When comparing all 44 ST307 against the closed reference genome of PBIO1953, our analysis revealed 22 single-nucleotide polymorphisms (SNPs) at most (minimum, 6 [PBIO1958, PBIO1960, PBIO1932]; maximum, 22 [PBIO2004]; median, 11). As expected, the phylogram shows a homogenous picture (Fig. 1; Additional file 1: Figure S4) with several sub-clades. There are sub-clades that include only isolates originating from the same patient (clades B [8–11 SNPs compared to PBIO1953] and C [6–8 SNPs compared to PBIO1953]) and sub-clades that comprise isolates from different patients (clades A [14–17 SNPs compared to PBIO1953] and D [11–15 SNPs compared to PBIO1953]) suggesting recent transmission between patients. Epidemiologic data support these results, for example for sub-clade D: PT17 with isolates PBIO1965, PBIO1969, PBIO1974, PBIO1991, PBIO1995, and PT21, from whom we obtained isolates PBIO1936 and PBIO1970, stayed on the same ward during the same time (September 2019). On the contrary, PT06 with isolate number PBIO1964 was present on a different ward during September 2019. Note, however, that PT06 was transferred later on.
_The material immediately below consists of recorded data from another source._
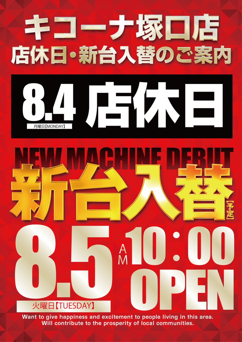 投稿本文: キコーナ塚口店です!!明日8月4日は新台入替準備のため、店休日となります#新台入替 #つぶやキコーナ さらに表示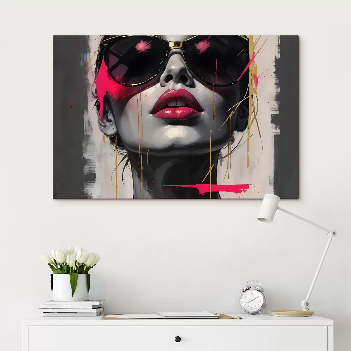 Картина Абстрактний портрет молодої жінки в сонцезахисних окулярах з рожевими губами та абстрактними формами та бризками рожевого кольору  s40558
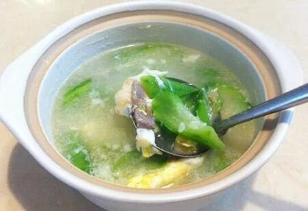 ◎ 取近根部的丝瓜藤3~5克洗净,猪瘦肉60克切块,同放锅内煮汤,至熟加少许盐调味,饮汤吃肉。

Interestingly, this patient underwent endoscopy examination with the same endoscope used for PT17 and PT21. It thus seems possible that K. pneumoniae ST307 was transmitted among patients either by cross-contamination through healthcare workers and surfaces or by an endoscope as has been described previously .
When we placed the outbreak phylogeny in a global context (Additional file 1: Fig. S4), we noticed that a cluster of KPC-producing ST307 genomes originally obtained from the United Kingdom (UK) (Additional file 2: Table S2) was the phylogenetically closest to our ST307 outbreak isolates.
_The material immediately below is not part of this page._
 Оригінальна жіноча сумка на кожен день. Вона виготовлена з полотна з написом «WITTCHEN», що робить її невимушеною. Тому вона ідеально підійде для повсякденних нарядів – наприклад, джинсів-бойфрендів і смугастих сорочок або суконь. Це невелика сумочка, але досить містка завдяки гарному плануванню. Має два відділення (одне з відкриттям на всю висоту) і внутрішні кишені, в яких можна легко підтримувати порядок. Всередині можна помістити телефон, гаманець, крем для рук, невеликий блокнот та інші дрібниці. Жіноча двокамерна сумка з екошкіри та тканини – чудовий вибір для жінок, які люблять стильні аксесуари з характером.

We then explored the distribution and character of SNPs among the ST307 genomes (with PBIO1953 as reference) further (Additional file 1: Fig. S5). All polymorphisms that were not in coding sequences (CDS) or not assigned as missense, frameshift, or stop-gained variants were excluded from our subsequent analysis. We further excluded all insertion and/or deletion mutations (Indels). Variants accumulated almost uniquely in chromosomally encoded genes (59/66). When analyzing the data of 44 annotated genes after exclusion of hypothetical proteins in EcoCyc, we noticed that pathways related to membrane transport (14/44), regulation and signal transduction (9/44), amino acid and sugar metabolism (12/44), DNA-replication/conjugation (5/44), and lipopolysaccharide biosynthesis (4/44) were often affected by mutations. Thirty-seven genomes harbored a missense SNP in the conjugation gene traI (plasmid 3) and, simultaneously, the topoisomerase gene gyrA, which are both involved in plasmid conjugation and transfer [65, 66]. Interestingly, all potential K. pneumoniae ST307 plasmid donors belonged to this set of genomes.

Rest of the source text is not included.